* [ABOUT THIS EXERCISE]:
Reproduce only what runs from the line containing "Stainless steel quality" to the line containing "Рис. 1. Диалоговое" in the records below, inclusive. Keep it exact, and keep the pictures out.

* [WORKING DATA]:
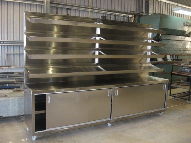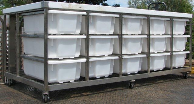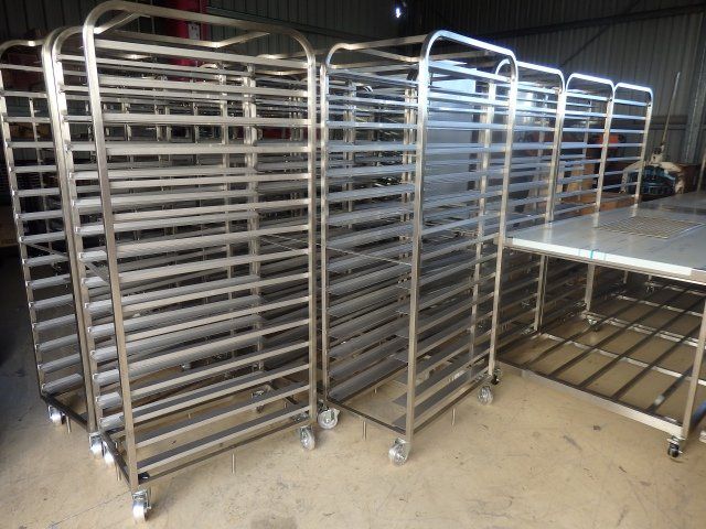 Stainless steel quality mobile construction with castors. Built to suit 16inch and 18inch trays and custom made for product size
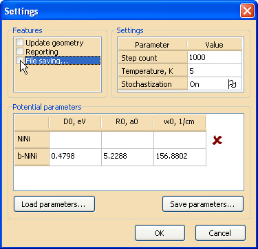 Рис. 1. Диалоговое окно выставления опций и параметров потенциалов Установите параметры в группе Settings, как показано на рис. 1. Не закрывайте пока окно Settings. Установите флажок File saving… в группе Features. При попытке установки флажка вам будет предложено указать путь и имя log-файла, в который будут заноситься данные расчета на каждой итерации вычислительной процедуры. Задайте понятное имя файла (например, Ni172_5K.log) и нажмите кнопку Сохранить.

--

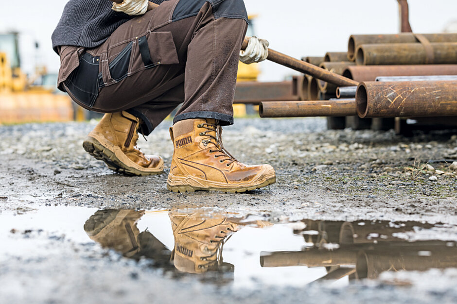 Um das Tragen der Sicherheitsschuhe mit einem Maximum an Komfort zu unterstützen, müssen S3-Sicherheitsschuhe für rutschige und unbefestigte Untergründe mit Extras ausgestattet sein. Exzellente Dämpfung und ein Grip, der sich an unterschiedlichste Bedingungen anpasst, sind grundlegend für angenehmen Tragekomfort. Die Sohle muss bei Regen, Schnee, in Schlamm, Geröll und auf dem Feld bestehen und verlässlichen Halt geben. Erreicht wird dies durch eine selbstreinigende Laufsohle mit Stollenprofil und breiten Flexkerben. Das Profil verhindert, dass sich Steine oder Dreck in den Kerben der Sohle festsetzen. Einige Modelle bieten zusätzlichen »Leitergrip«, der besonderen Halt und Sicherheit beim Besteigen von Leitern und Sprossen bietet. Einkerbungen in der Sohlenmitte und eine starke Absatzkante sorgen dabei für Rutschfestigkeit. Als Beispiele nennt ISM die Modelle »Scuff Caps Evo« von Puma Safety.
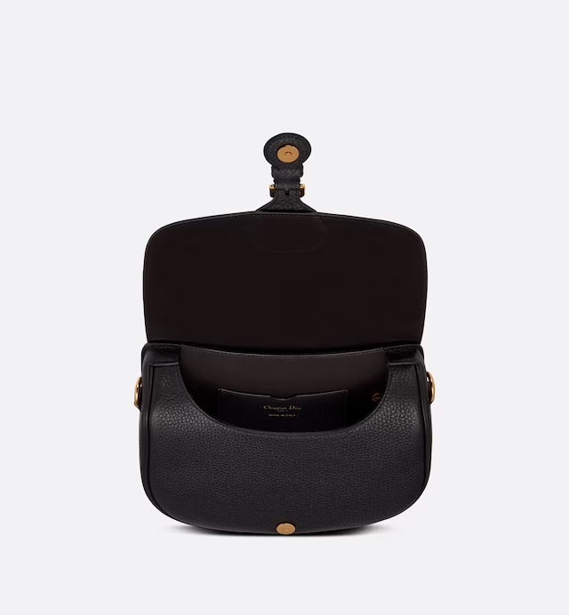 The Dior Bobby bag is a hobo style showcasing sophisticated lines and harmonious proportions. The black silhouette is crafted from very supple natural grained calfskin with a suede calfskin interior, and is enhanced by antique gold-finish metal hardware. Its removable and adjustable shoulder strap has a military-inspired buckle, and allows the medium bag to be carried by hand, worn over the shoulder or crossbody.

---

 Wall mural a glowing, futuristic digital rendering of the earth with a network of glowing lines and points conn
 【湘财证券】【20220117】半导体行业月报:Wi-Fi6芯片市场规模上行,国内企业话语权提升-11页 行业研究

* [RESULT]:
 Stainless steel quality mobile construction with castors. Built to suit 16inch and 18inch trays and custom made for product size
 Рис. 1. Диалоговое окно выставления опций и параметров потенциалов Установите параметры в группе Settings, как показано на рис. 1. Не закрывайте пока окно Settings. Установите флажок File saving… в группе Features. При попытке установки флажка вам будет предложено указать путь и имя log-файла, в который будут заноситься данные расчета на каждой итерации вычислительной процедуры. Задайте понятное имя файла (например, Ni172_5K.log) и нажмите кнопку Сохранить.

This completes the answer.